Review for NeurIPS paper: A Scalable MIP-based Method for Learning Optimal Multivariate Decision Trees

Neural Information Processing Systems 

Clarity: The main paper is mostly written fairly well, the Appendix less so (lots of typos at least). The work nevertheless lacks clarity because several relevant details are moved to the Supplementary part, and some aspects are not mentioned at all (at least in the main paper). The Appendix even contains a section regarding categorical features that is not even hinted at in the main paper. Clarification is needed, e.g., at the following points: - p.2, l.70-73 is too vague, the meaning is unclear - pls. clarify - p.2, l. 85f: clarify what "[...] i enters leaf node l " means (i.e., that data pt.

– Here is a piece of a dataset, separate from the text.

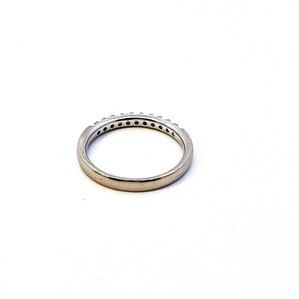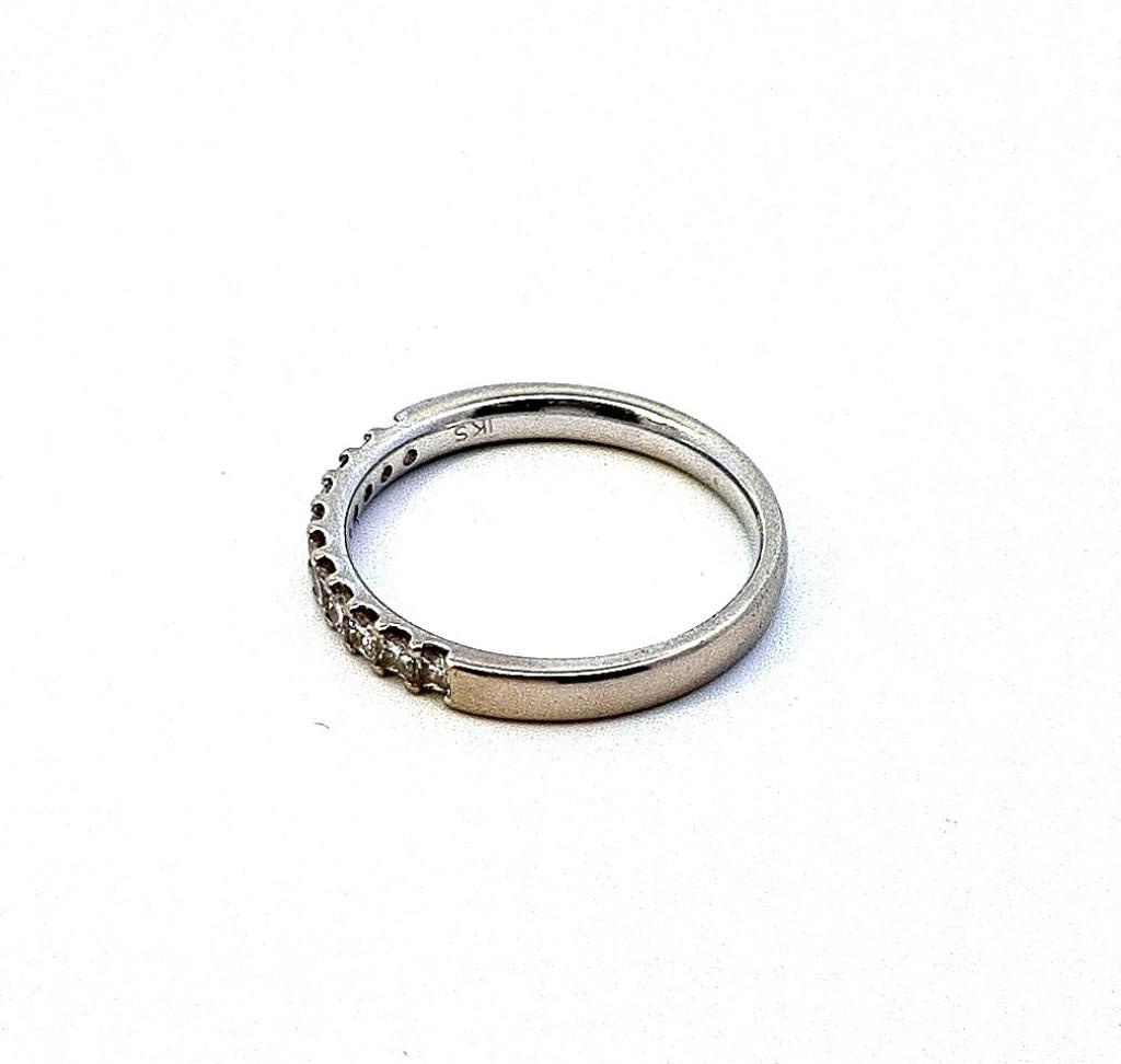 Zlatý prsten o ryzosti 585/1000, punc labuť, váha 2,51 g, velikost 54, v nejširším bodě 23 mm. Kámen - diamant - brus princess - celkem 11 ks, cca 0,67 ct.

If \hat{y}_i denotes a predicted label, then why is it real-valued and not in [Y]? (Also regarding the description on p.3, l.96f: why should y_i - \hat{y}_i \geq 1 here -- \hat{y}_i is in R, so couldn't it be, say, y_i - delta for some small delta?) - p.3, l.92: perhaps clarify "tree sparsity" -- actually here this means sparsity of the decision hyperplanes, no the tree itself - The 1-norm is used in the MIP (1) and several times in the text later called "linear" (e.g., p.4, l.136), but this is technically incorrect.